* _EXERCISE DESCRIPTION_
Extract only the first line of the listing and every line after it up to and including the one with "Indianapolis, IN –". Omit the pictures.

━━━━━ RECORDED DATA ━━━━━

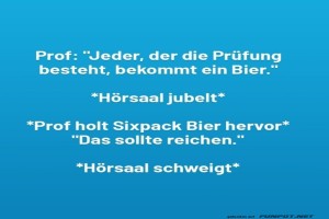 | Bier-Boni im Hörsaal: Ein Sixpack reicht! Bild (57.52 KB) 2Lustiges → klasse Sprüche und Witze | Lustiges → klasse Sprüche und Witze | 11.07.-12:34 | Zicke | |
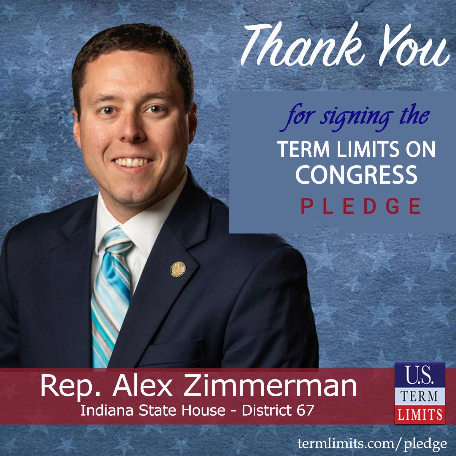 Indianapolis, IN – U.S. Term Limits (USTL), the leader in the national, non-partisan movement to limit terms for elected officials, is gathering support from state lawmakers across the nation. Its mission is to get 34 states to apply for an amendment proposal convention specific to term limits on Congress. Indianapolis state house Rep. Alex Zimmerman (District 67), has committed support for term limits on Congress by signing the term limits convention pledge.
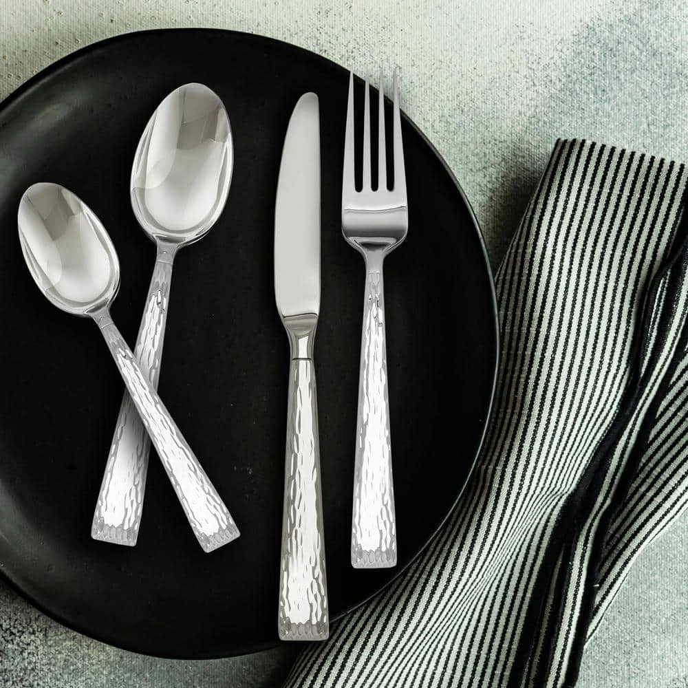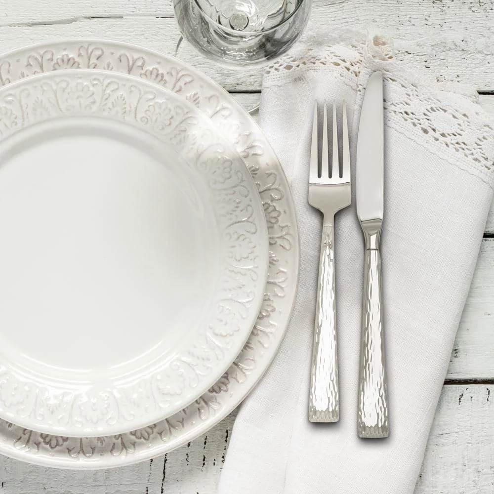 Add a flicker of fun to your tabletop with the Brocade Hammered Flatware Set by HAMPTON SIGNATURE. Delicately hammered textured handles reflect light beautifully, making Brocade an elegant and whimsical statement on any table setting. Great when entertaining as well as for everyday use, Brocade elevates every dining experience.

━━━━━

* _ANSWER BOX_
 | Bier-Boni im Hörsaal: Ein Sixpack reicht! Bild (57.52 KB) 2Lustiges → klasse Sprüche und Witze | Lustiges → klasse Sprüche und Witze | 11.07.-12:34 | Zicke | |
 Indianapolis, IN – U.S. Term Limits (USTL), the leader in the national, non-partisan movement to limit terms for elected officials, is gathering support from state lawmakers across the nation. Its mission is to get 34 states to apply for an amendment proposal convention specific to term limits on Congress. Indianapolis state house Rep. Alex Zimmerman (District 67), has committed support for term limits on Congress by signing the term limits convention pledge.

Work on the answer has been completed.